My Digital Identity

When I think about “digital identity,” I am reminded of the simple, fake smiles that people post in Instagram, Facebook, Twitter, and any other platform that can conjure likes to fill the void of connection that people miss in our fast-moving, forward-thinking society. I am guilty of this like an other, but I decided to get rid of my face all together for this piece. Faces give comfort and help to show the emotion of the figure, but sometimes I have no emotion. This also reflects how we use social media, as we often don’t see the faces of those we interact with and if we do see pictures, women are often only liked for anything other than their face.

I have lived with anxiety and depression my entire life and this painting is a homage to my struggles. Social media gave me an outlet to start talking about my problems, but no one really wanted to listen. So I gave in to my peers’ likes, shares, and follows and began to show only the good sides of myself. The smiles brought likes and those likes made me feel better for just a moment. It is like a drug. When you reach a certain amount of likes, you feel some relief and you chase the little attention you can get from social media like it’s a drug, but it doesn’t fix you.

Social media can feed a person’s mental illness by making them feel even more isolated and alone despite the seemingly connectedness that the internet is praised for. Once someone starts using social media as a crutch it is hard to let go of it. It can consume you.

With this piece, I focused on creating many thin under layers and playing with the textures throughout piece. The figure is an image of myself, but you could only tell if you knew that I had the same moles as the figure. The face is entirely obscured, with some normal skin coloring peeking through. This is a representation of how I hide my true self, the one that is consumed with the demons in my mind.

The text behind the figure is from the song, “Broken Hearts Club” by gnash. Some important lyrics that you can see say, “Where the lonely make the lonely feel less lonely,” which is exactly how I feel about social media.

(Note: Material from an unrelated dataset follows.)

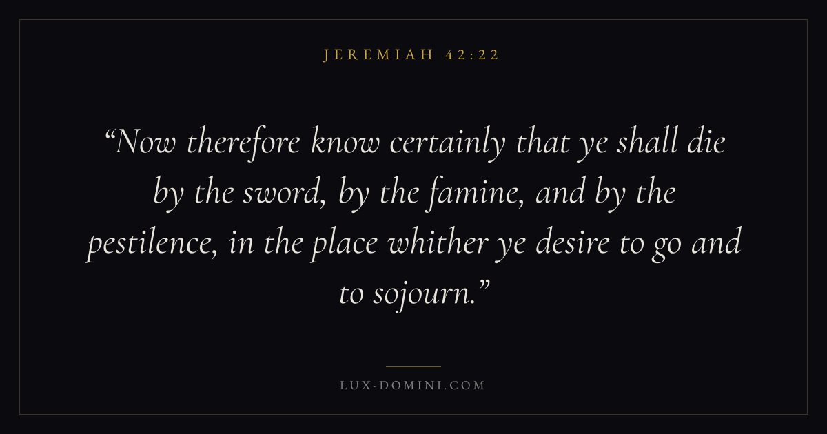 Now therefore know certainly that ye shall die by the sword, by the famine, and by the pestilence, in the place whither ye desire to go and to sojourn.

Lonely people meet other lonely people and begin to feel less lonely because at least they aren’t the only ones feeling that way.

This piece also comments on the sexualization of women, as the only part of me that you can really focus on is my breasts. It doesn’t matter if you cannot see my face, my boobs are enough to capture anyone’s attention, right? That is what social media teaches us, we are only as pretty and popular as the amount of sexy parts we show. Men too can fall into this habit, but it is more common with women, either way, it is detrimental to our mental health.

I had a lot of fun working on this piece and I enjoy hearing other people’s opinions of what they see and feel. When I showed it to friends, they seemed to get my theme spot on and even saw different demonic faces in the textures of the piece. It is amazing to see that my thought can be seen in this piece more clearly that any other work, I’ve done.